■ Task inputs ■
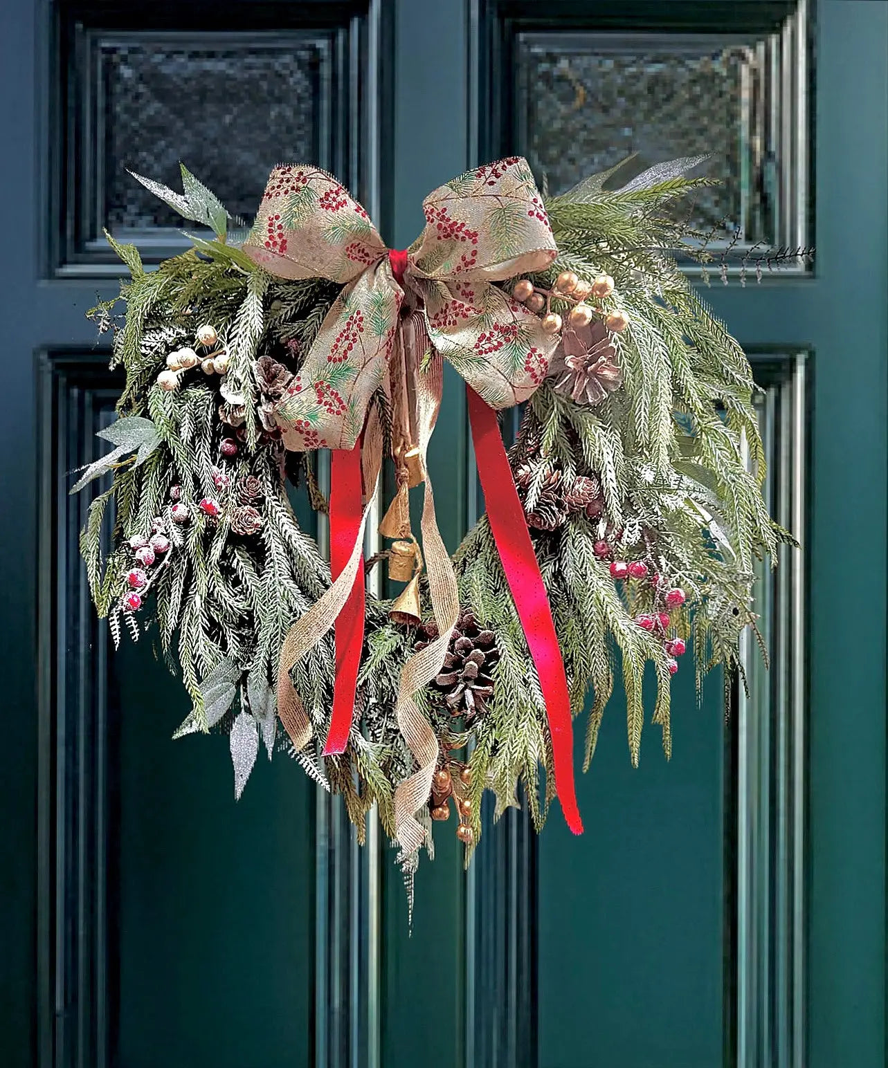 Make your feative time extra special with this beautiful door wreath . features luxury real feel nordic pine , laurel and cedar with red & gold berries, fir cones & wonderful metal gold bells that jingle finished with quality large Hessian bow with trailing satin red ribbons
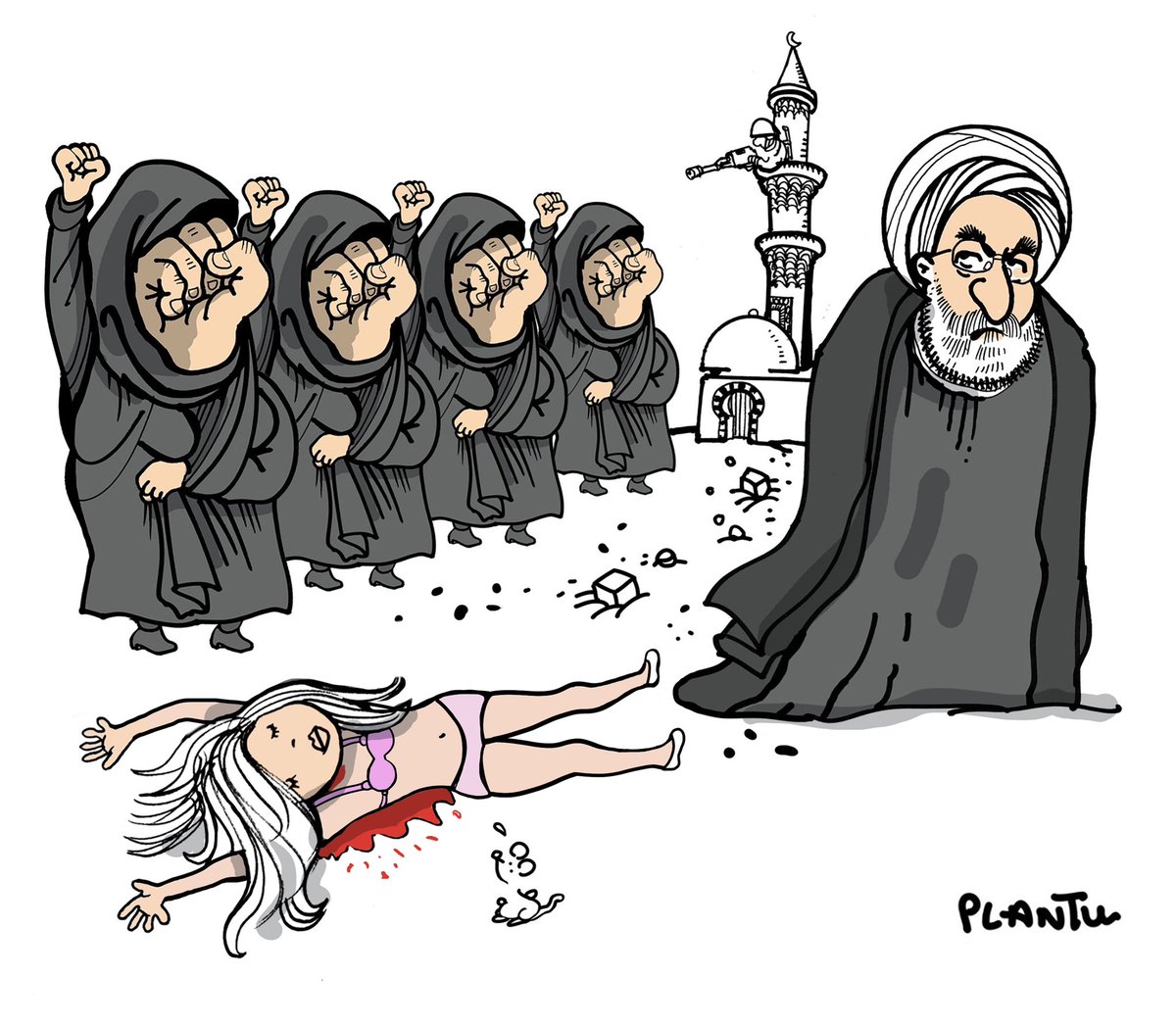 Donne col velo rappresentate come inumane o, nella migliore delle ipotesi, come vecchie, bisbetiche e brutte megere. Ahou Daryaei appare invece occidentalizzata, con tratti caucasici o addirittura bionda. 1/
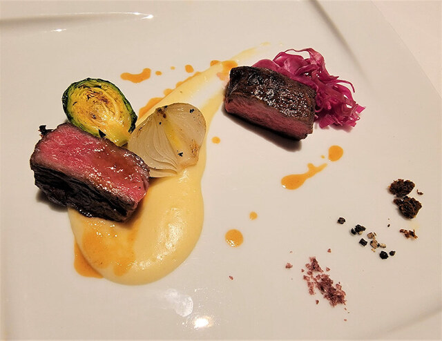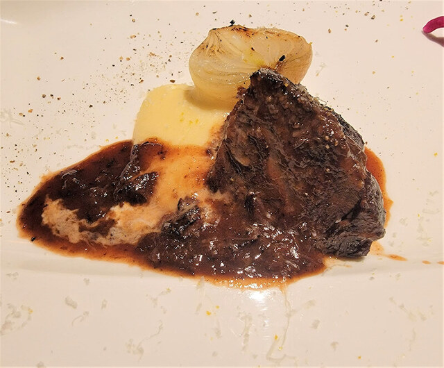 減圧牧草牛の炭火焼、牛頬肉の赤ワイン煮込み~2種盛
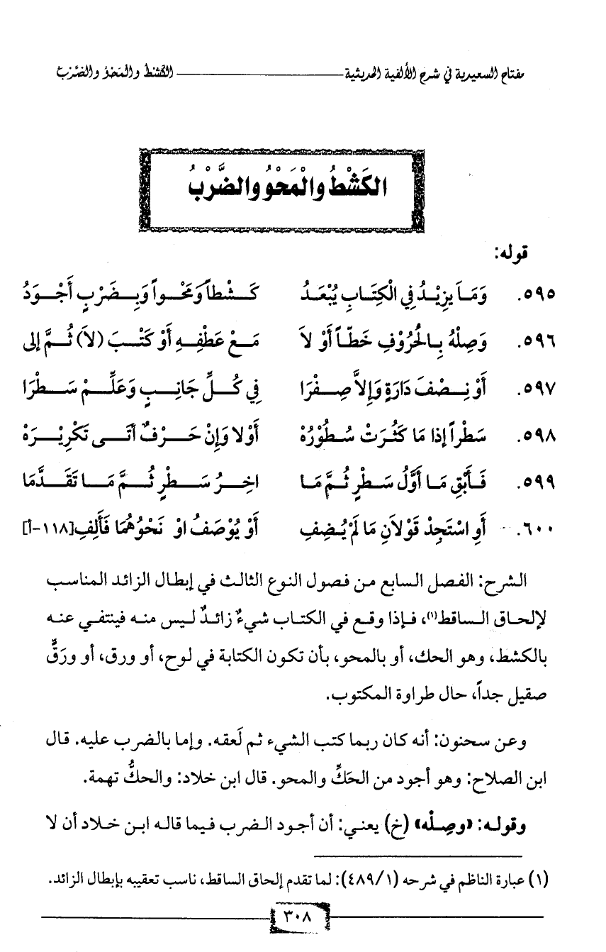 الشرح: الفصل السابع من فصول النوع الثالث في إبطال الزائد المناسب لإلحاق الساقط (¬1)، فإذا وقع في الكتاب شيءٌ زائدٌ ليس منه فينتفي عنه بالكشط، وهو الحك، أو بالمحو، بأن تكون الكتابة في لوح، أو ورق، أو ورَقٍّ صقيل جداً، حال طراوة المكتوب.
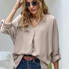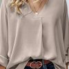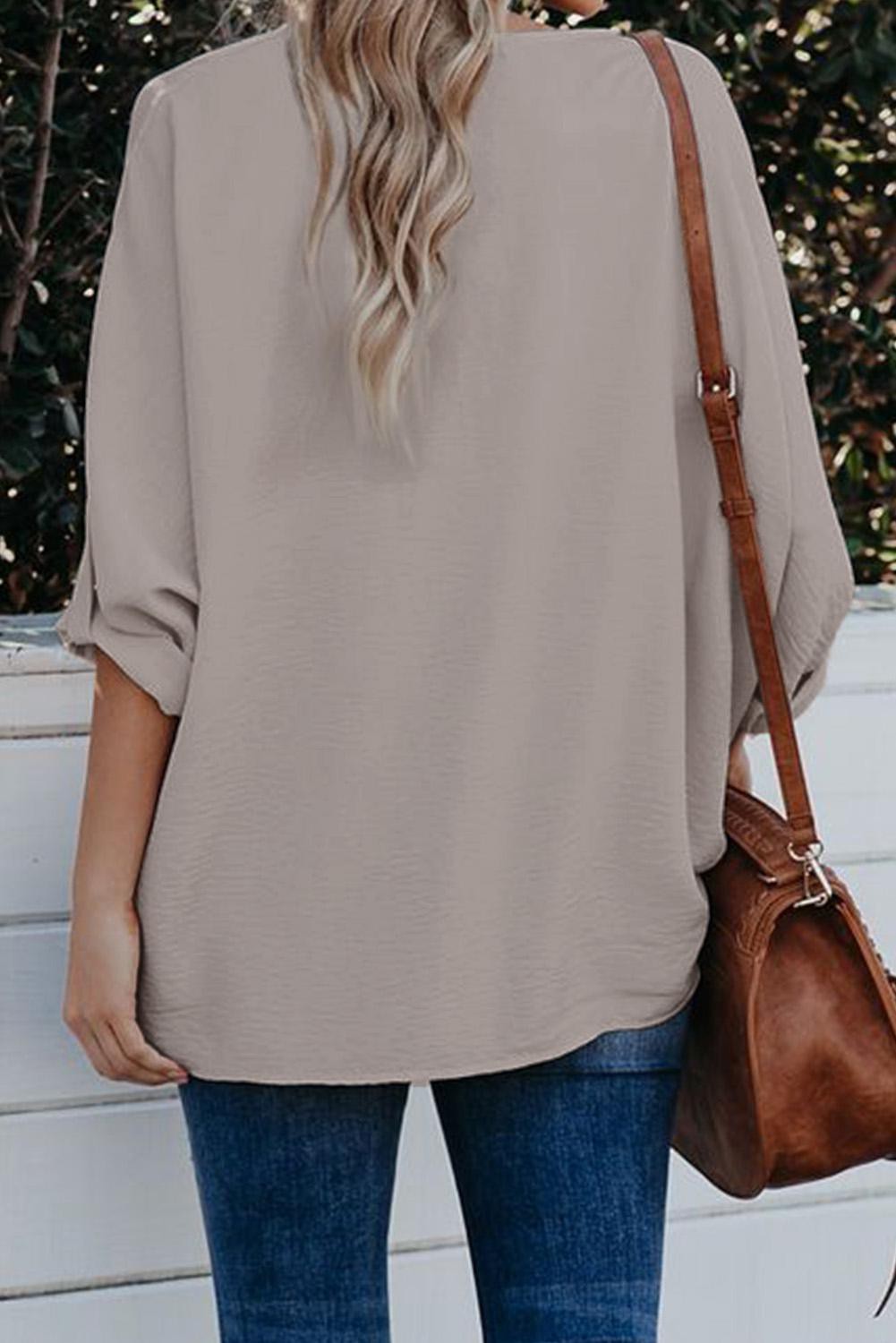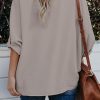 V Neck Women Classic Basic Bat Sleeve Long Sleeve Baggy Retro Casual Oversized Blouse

--

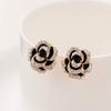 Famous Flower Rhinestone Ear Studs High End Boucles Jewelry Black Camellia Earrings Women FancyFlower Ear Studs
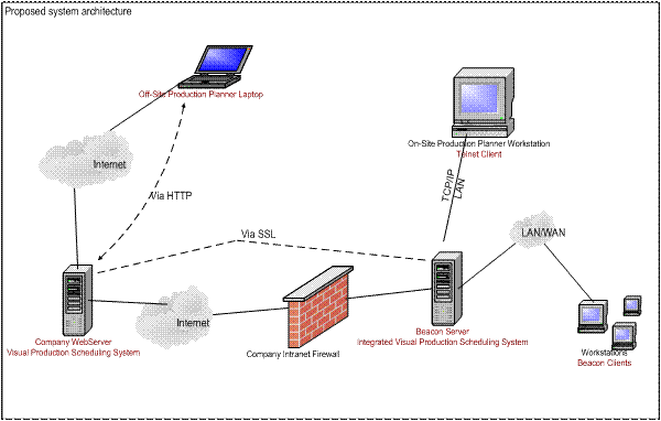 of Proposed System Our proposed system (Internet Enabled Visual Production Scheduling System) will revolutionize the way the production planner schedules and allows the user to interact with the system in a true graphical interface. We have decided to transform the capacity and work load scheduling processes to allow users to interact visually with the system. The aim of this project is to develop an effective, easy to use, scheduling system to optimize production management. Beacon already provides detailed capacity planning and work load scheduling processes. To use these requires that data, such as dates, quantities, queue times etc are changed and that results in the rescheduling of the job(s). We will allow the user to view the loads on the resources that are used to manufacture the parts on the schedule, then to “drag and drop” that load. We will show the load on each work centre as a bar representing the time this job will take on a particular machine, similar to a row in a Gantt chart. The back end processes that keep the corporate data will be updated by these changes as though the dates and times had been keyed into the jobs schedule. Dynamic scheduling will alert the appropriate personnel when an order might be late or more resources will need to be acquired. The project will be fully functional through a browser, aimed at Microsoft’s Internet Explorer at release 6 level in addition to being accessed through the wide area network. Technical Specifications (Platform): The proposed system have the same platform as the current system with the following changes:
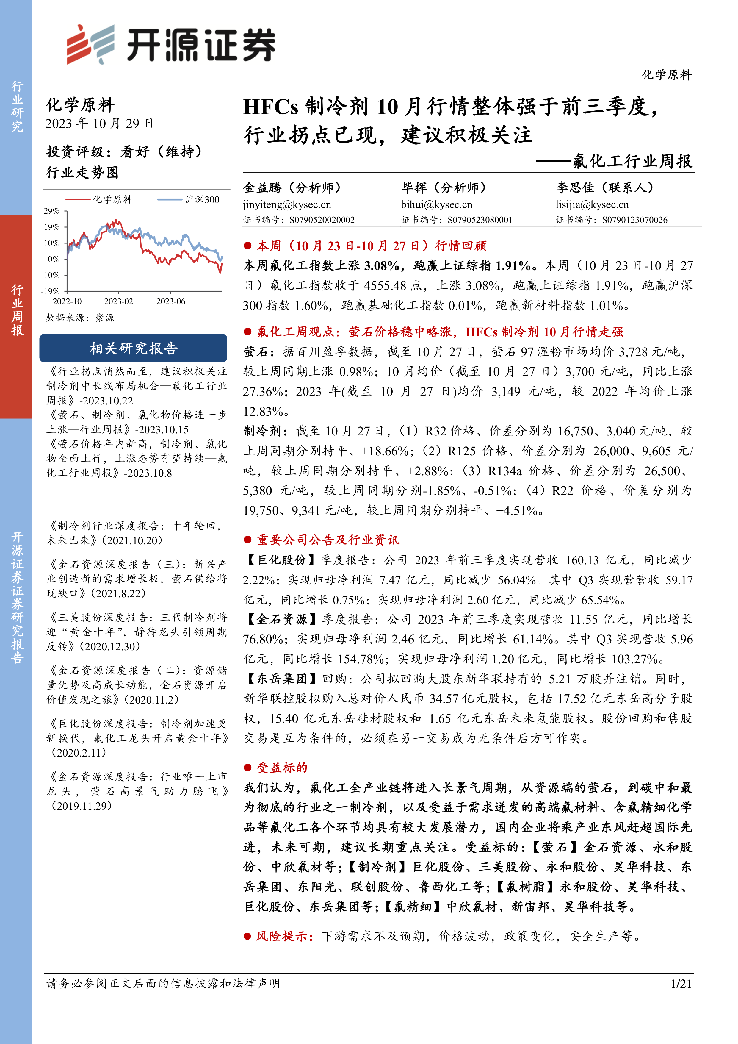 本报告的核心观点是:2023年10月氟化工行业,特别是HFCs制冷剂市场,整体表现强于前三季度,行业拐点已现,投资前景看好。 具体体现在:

■ Instructions to follow ■
Would you output the lines above from the line holding "Make your feative" up to and including the line holding "V Neck Women", exactly and only those, with no pictures?

■ Completed task ■
 Make your feative time extra special with this beautiful door wreath . features luxury real feel nordic pine , laurel and cedar with red & gold berries, fir cones & wonderful metal gold bells that jingle finished with quality large Hessian bow with trailing satin red ribbons
 Donne col velo rappresentate come inumane o, nella migliore delle ipotesi, come vecchie, bisbetiche e brutte megere. Ahou Daryaei appare invece occidentalizzata, con tratti caucasici o addirittura bionda. 1/
 減圧牧草牛の炭火焼、牛頬肉の赤ワイン煮込み~2種盛
 الشرح: الفصل السابع من فصول النوع الثالث في إبطال الزائد المناسب لإلحاق الساقط (¬1)، فإذا وقع في الكتاب شيءٌ زائدٌ ليس منه فينتفي عنه بالكشط، وهو الحك، أو بالمحو، بأن تكون الكتابة في لوح، أو ورق، أو ورَقٍّ صقيل جداً، حال طراوة المكتوب.
 V Neck Women Classic Basic Bat Sleeve Long Sleeve Baggy Retro Casual Oversized Blouse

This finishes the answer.